The decline in the groundwater table depth over the past four decades in China simulated by the Noah-MP land model

Abstract

Faced with intensified climate change and ever-increasing water demand, the groundwater table depth is vital to sustaining terrestrial environments in a country such as China; however, on a regional scale, insufficient research has been conducted on its variability thus far. Using a land model forced with reanalysis climate data, this paper investigates groundwater table depth changes across China for the 1979–2018 period. The results show a significant overall reduction in the groundwater table depth in China during the past 40 years without explicit consideration of direct human influence. There is an approximately 0.2 m decrease on average, but it is approximately 0.5 m in southern China and 0.8 m to the north of 35°N despite a 1.2 m rise in part of this region due to an increasingly wet climate and a topographic water convergence.

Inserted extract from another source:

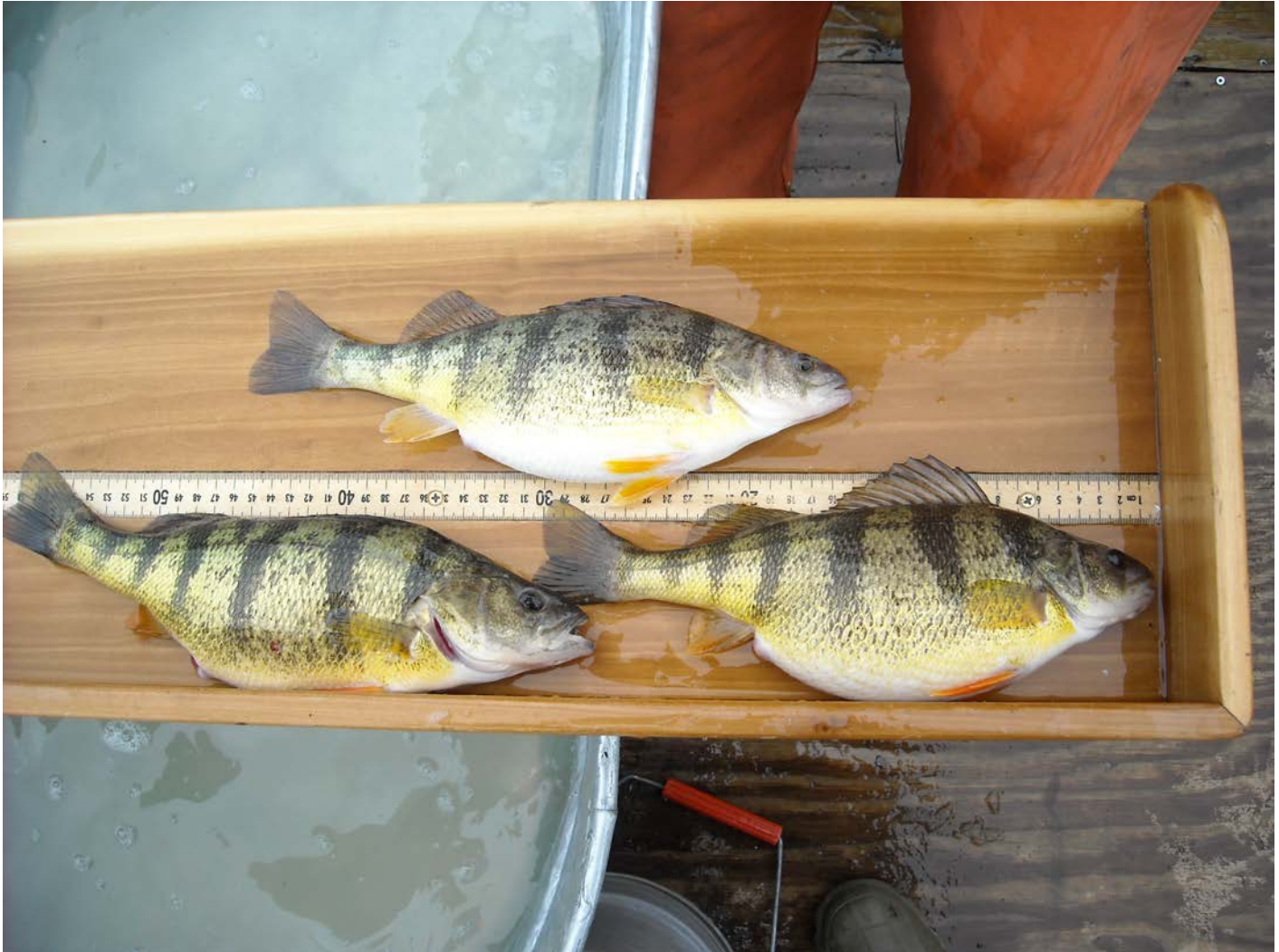
Some nice yellow perch ready to spawn in Presque Isle Bay.

Presque Isle Bay is a 3,300 acre embayment of Lake Erie formed by a 7 mile long peninsula. The peninsula that forms Presque Isle Bay is contained within Presque Isle State Park which is operated by the Pennsylvania Department of Natural Resources (PA DCNR). There are 4 boat launch areas located in the Park. There is no limitation on boat horsepower, however, many areas of the Bay are designated as no-wake zones. For more information on recreational opportunities in Presque Isle State Park visit the PA DCNR website at http://www.dcnr.state.pa.us/stateparks/findapark/presqueisle/index.htm .

The findings provide a first-order pattern of historical groundwater table responses to climate change, highlighting inherent links among subsurface-surface-atmosphere water cycles and worsened terrestrial water availability in China. A model evaluation compared with in situ observations has demonstrated the model’s ability to realistically portray terrestrial water and energy balances on regional scales, as well as the enhancement of their seasonality with incorporated lateral groundwater flow processes. This ability gives us reasonable confidence in the simulated trends and spatial variability. Nonetheless, the mean groundwater table still shows large biases relative to observations, and the problems of human influence, two-way interactions between groundwater and surface water, and local topographical complexity have yet to be properly addressed in the present study and deserve further research.